How much will is cost to get a divorce?
We understand that separating from your partner can be a hugely stressful time and one of your many concerns is likely to be the cost of a divorce. We always aim to be as upfront and transparent about the likely costs involved and offer a free 30 minute no obligation, appointment so that we can hear about your particular situation and give you advice about the likely costs involved. This also gives you the opportunity to meet one the family law specialists who will be handing your case if you decide to proceed.
Recent news in April 2019 suggests that the new reforms in divorce law, likely to be passed in the next few months, will make some divorces less costly and more amicable.

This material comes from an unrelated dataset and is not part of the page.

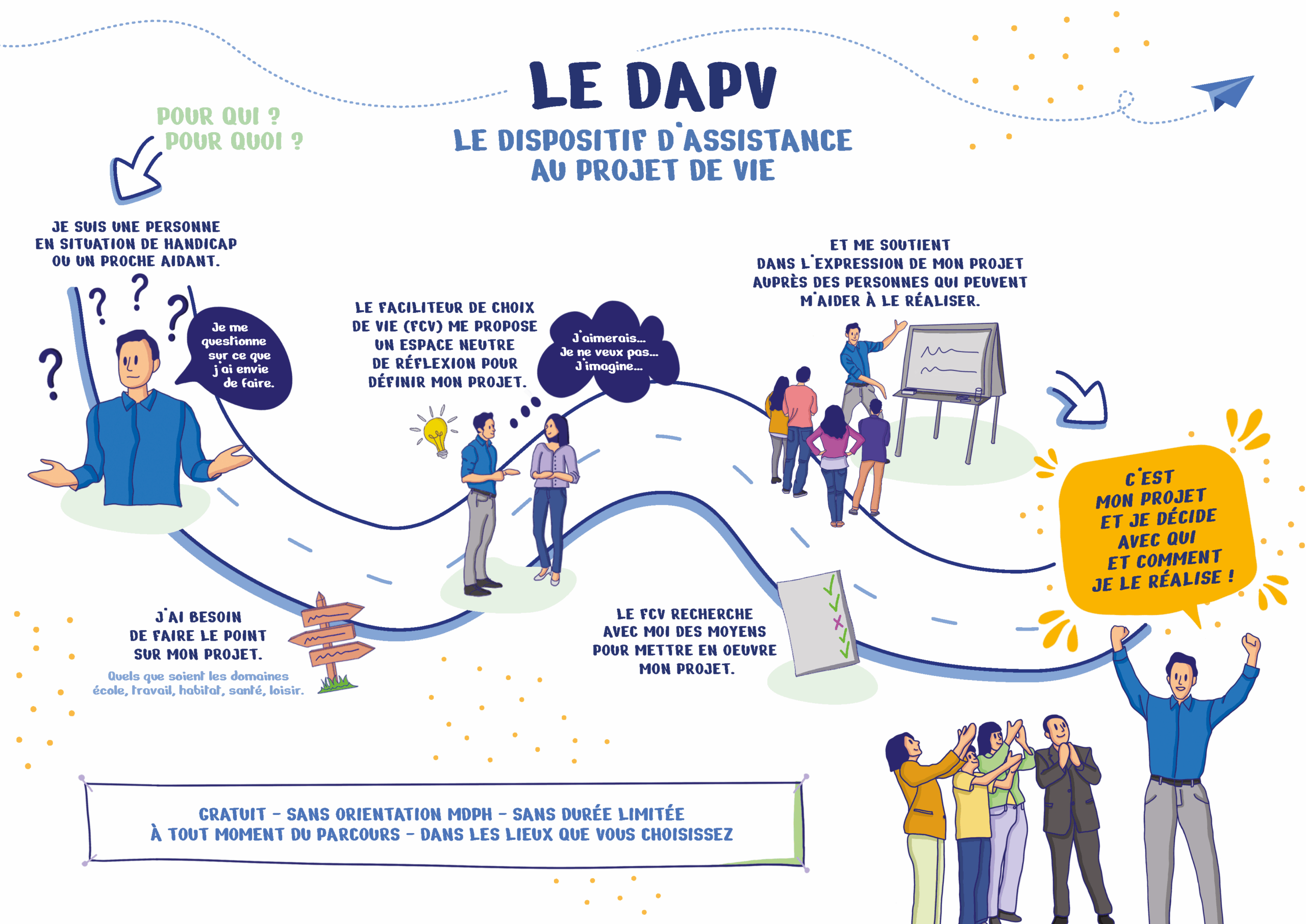Le dispositif d’assistance au projet de vie est un accompagnement destiné à aider une personne à définir, structurer et concrétiser son projet de vie, notamment lorsqu’elle est en situation de handicap ou rencontre des difficultés importantes d’autonomie.

How do I know what I am entitled to?
This is tricky to ascertain until we have met with you. We would suggest that you gather as much financial information as you can such as the value of your property, any outstanding mortgage, assets, investments and pension agreements. This will give us a good basis and as always, we will be as upfront and transparent in our findings as we can.
How can I make sure I will still see my children?
Your children are so important to you and you want to make sure you are still able to see them and spend time with them. The Court doesn't normally get involved with the arrangements for your children unless they are asked to do so. Divorce doesn't affect your legal rights with your children and the starting point is that the children have a right to a relationship with both of their parents. If you are unable to agree arrangements for the children between yourselves, we can help with a range of options such as mediation advice, collaborative law or if required, Court proceedings.
Who will be assigned to my case?
All of our family law team are experienced, specialist family law solicitors. Above all, they are friendly and approachable whilst at the same time, able to give you straight talking sound advice. In addition, all of our Family Law specialists are members of the Law Society and members of Resolution which promotes an amicable view of family law issues. Both Christine and Elizabeth are also fully trained Collaborative Lawyers.